I find religion kind of fascinating: why people are drawn to it; different beliefs; how religion affects society; whether religion in the world does more harm or more good. For myself, I was raised as a protestant Christian by a mother who regularly went to church and a father who made fun of the ridiculousness of prayer. The peak of my religious life was in middle and high school when I was involved in some church youth groups. But I am a very idealistic, all-or-nothing kind of person. If I were going to be religious, then I would believe with all my heart and dedicate my life to it. Instead, the hypocrisy I saw around me was disillusioning. I eventually discovered that as much as I wanted the comfort of believing in something bigger than me, directing my life and watching out for me, I would have been lying to myself. I kind of avoid labels, but I guess now I'd probably call myself an atheist. I am moved by the natural beauty and power of nature, by beautiful music and art, by selfless actions of others, and even by other people's spirituality. But I see just some of the suffering that's in this world, and I think that if there is a God, this God would be dealing with some of that hopelessness before caring about my trivial problems--especially who wins Grammy awards and the Super Bowl.
As far as organized religion, I'm not a big fan. I know there's a positive feeling of community in belonging to a church and many churches do important charity work, helping others in need. I like this stuff. My mother now belongs to a very nice church that focuses on helping others and not on telling people what to think or believe. I'd almost want to join it myself except that I still don't believe in God. What I don't like is that it seems the more powerful the church, and the more hierarchical, the more time and energy is spent on consolidating power, and the good stuff gets pushed to the side. Now, I've heard bits and pieces of the crazy that is Scientology, but I've always been a little fuzzy on the details. After having read Beyond Belief: My Secret Life Inside Scientology and My Harrowing Escape (2013) by Jenna Miscavige Hill (with Lisa Pulitzer), I think Scientology is on the far side of the power-grabbing spectrum of religion--although a cult may be a more accurate term.
Beyond Belief is the very personal story of Jenna [Miscavige] Hill, the niece of the current Scientology leader David Miscavige, and her life growing up and eventually getting out of Scientology. Jenna's parents moved to Los Angeles and became members of the Sea Org when she was only about two years old. After the move, Jenna rarely saw her parents. And when she was moved to the "Ranch" at about six years old, she saw them even less. Hill presents a pretty harrowing picture of Scientology that involves tearing families apart, manipulation, controlling behavior, manual labor, and more. Because Hill was a part of Scientology since she was a child, she had almost no knowledge of the outside world, she was afraid of Wogs (non-Scientologists) and didn't realize for a long time that there was more out there and she could think for herself. Because of her uncle's high standing in the church, a lot of pressure was put on her to keep up the family name.
The ridiculousness of it all was pretty overwhelming: the stupid, controlling rules--no cell phones or television, the hierarchy, the stuff with the cans and e-readers. I sometimes felt like I was reading a science-fiction novel rather than a true account of something that just recently happened in the United States. A surprising page turner, I ended this with an appreciation for Hill's strength and courage; this was definitely a book worth reading.
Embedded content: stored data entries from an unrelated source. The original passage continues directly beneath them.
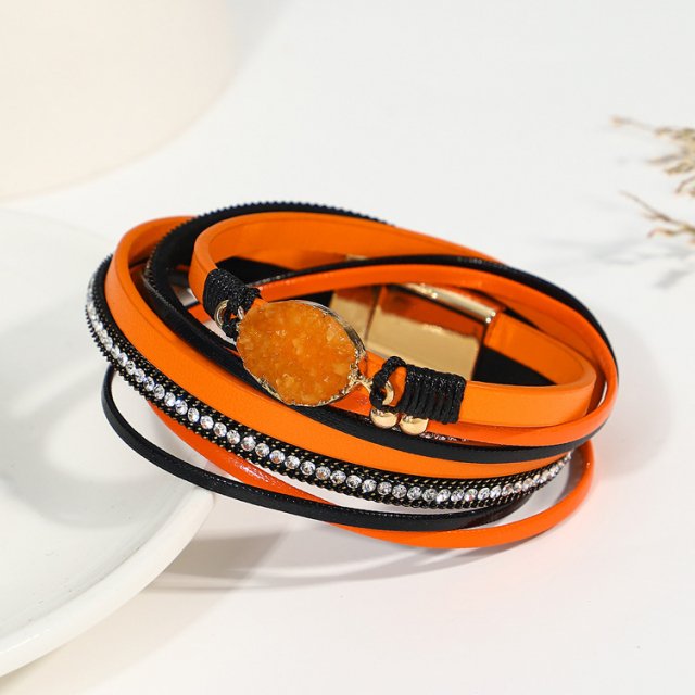 This stunning piece features multiple layers of soft, high-quality PU leather for a comfortable yet secure fit. Each wrap is beautifully detailed with alloy leaf charms and rhinestone accents, giving it a bohemian, vintage-inspired feel. The bright orange tones and pumpkin design make it the perfect accessory for Halloween and autumn-inspired outfits. With its magnetic clasp, the bracelet is easy to wear and remove, offering both convenience and elegance in one piece.
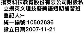揚英科技教育股份有限公司附設私立揚英文理技藝美語短期補習班
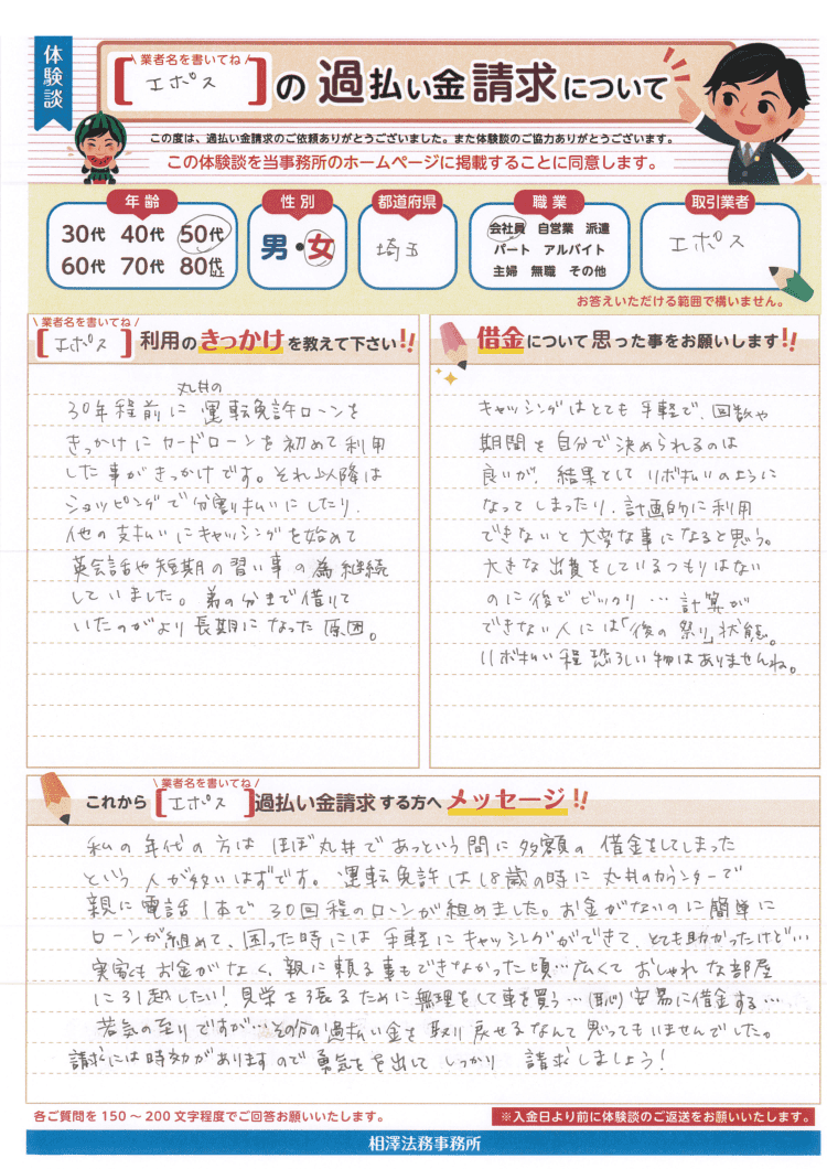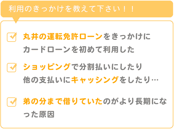30年程前に丸井の運転免許ローンをきっかけにカードローンを初めて利用した事がきっかけです。
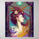 Póster Hermosas flores verde azuladas de estilo Art Nouve
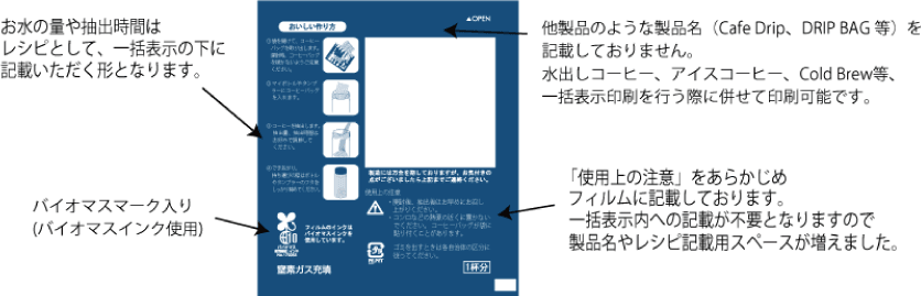 | 15g~20gを個包装充填できるアイス用コーヒーバッグです。 【コーヒーバッグの特徴】 1.窒素充填が可能。(残留酸素濃度1%未満) 2.一括表示を印字するので、1個づつでの販売が可能。 3.アフタープリント単色印刷が可能。 従来の水出しコーヒーバッグですと、窒素充填ができなかった為、 バルブ付きの袋に入れる事で、コーヒー粉から発生するガスにより袋内の空気を外部に放出する必要がございましたが、窒素充填が可能となりますので、パッキング直後で残留酸素濃度1%未満となります。 また、販売する際、水出しコーヒーバッグの入った袋に、一括表示や標品ラベルをシールで貼る必要がございましたが、アフタープリント単色印刷や一括表示をあらかじめ印刷する事ができますので、そのまま1個単位で販売する事ができます。 オリジナルフィルムへの充填も可能でございます。 |
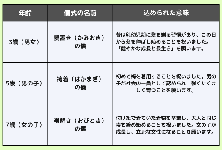 もともと3つの儀式(3歳の「髪置の儀」、5歳の「袴着の儀」、7歳の「帯解の儀」)があり、時代が経つにつれて、3歳は男女共通、5歳は男の子、7歳は女の子の儀式として定着しました。
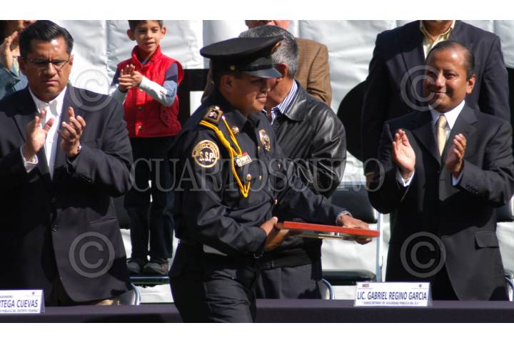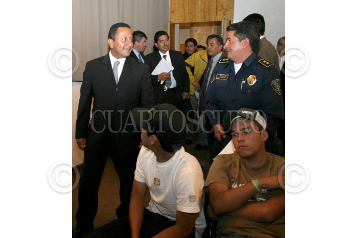 MÈXICO, D.F. 18DICIEMBRE2005.- Alejandro Garniño Tejera recibió el premio como policia del año durante el desfile del Día del Policía. En la imagen Joel Ortega Secreatrio de Seguridad Pública del D.F. y Gabriel Regino García, Subsecretario de seguridad pública. FOTO:Miriam Sánchez/CUARTOSCURO.COM
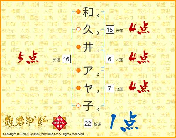 生活面を象徴する運勢です。外部から受ける影響力を表し、結婚運、家庭運や職場、環境への順応性を表します。総運から人運を引いた画数。姓や名が1文字の場合を除く。
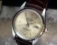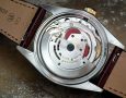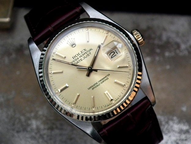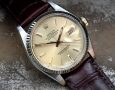 This is a simply beautiful example of the iconic Rolex Datejust from 1985. The steel and solid gold (fluted bezel) case is in near faultless condition with only the most minimal signs of wear. The original Rolex signed champagne pearlescent dial is again in excellent condition with only a few very minor marks (I’ve highlighted one on the second dial picture; hard to see with the naked eye). The original Rolex signed chronometer standard automatic movement is again in excellent condition and it’s just been serviced by our professional watchmaker. The watch sits on a new, super high quality dark brown Hirsch ‘London’ alligator strap with Hirsch gold plated buckle.
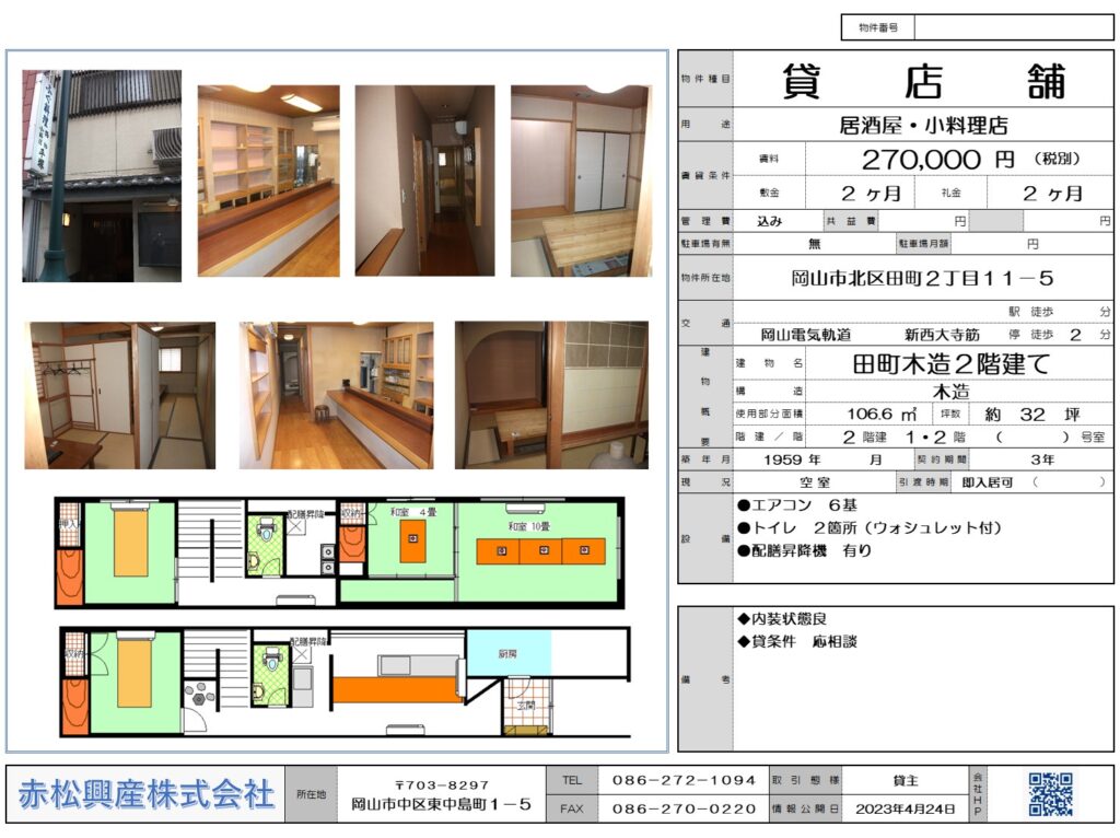 赤松興産の「飲食店向け物件」「店舗・テナント」「田町木造2階建て|賃貸物件」です
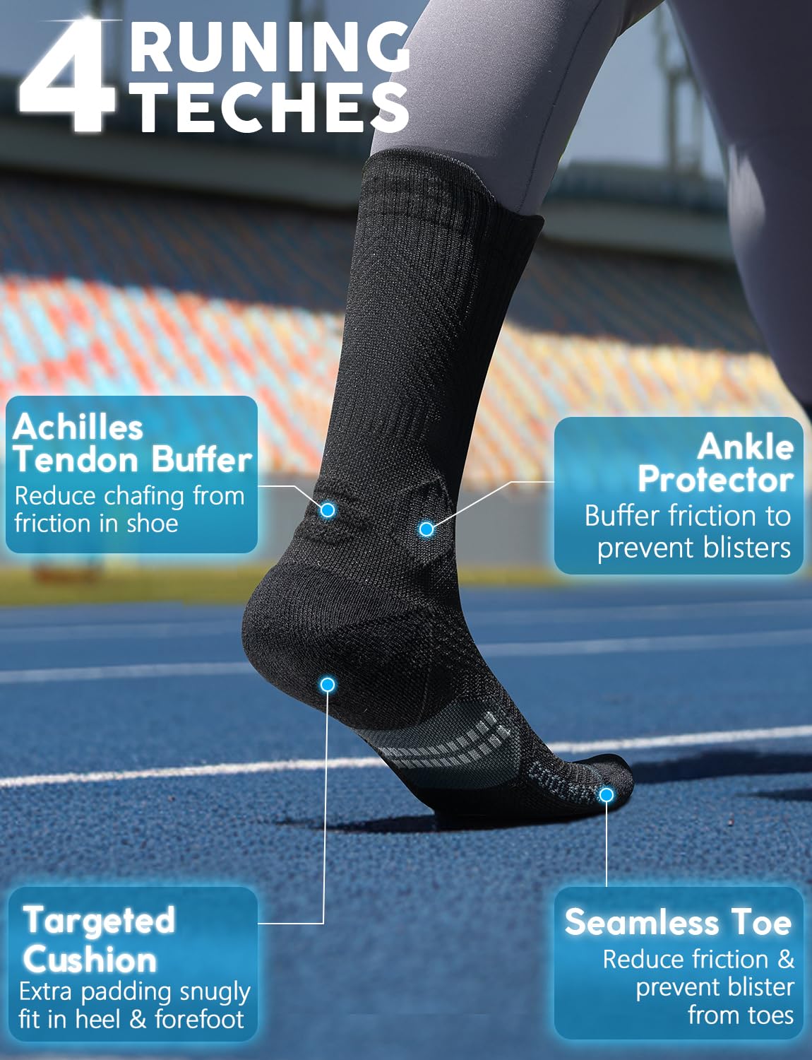 【Blister Defense, All-Day Comfort】 Anti-blister design with seamless toes and reinforced padding protects during rocky hikes or city walks. Pair with yoga pants and cushioned sneakers for runs as smooth as your athleisure aesthetic.

However, in some ways this book left me with even more questions. Because this was a personal story of what happened to Jenna Miscavige, it did not give much detail on the beginning of Scientology or L. Ron Hubbard, why people are drawn to it, how those e-meter things are supposed to work, why people would join the Sea Org, or more information on the differences between the Sea Org members and public Scientologists. In addition, I often wanted more information on Jenna's story. What were her parents thinking when they basically gave up their children to become members of Sea Org? I imagine this still might be a sensitive issue in the family with unresolved guilt and anger on each side, but she could have delved much deeper on many issues.
In addition, Beyond Belief sometimes felt a little short on emotional detail and explanation. When Jenna meets her future husband, she says that he's cute. When they're not allowed to marry for months and months, she says they were frustrated and eventually had sex out of wedlock. Perhaps it's unfair to demand a baring of your soul from anyone who chooses to write about their life, especially when that person was forced to expose every aspect of their lives in humiliating detail through forced "security checks" and audits. But this book did sometimes feel more like a dispassionate recitation of facts than a real glimpse into someone's thoughts and feelings.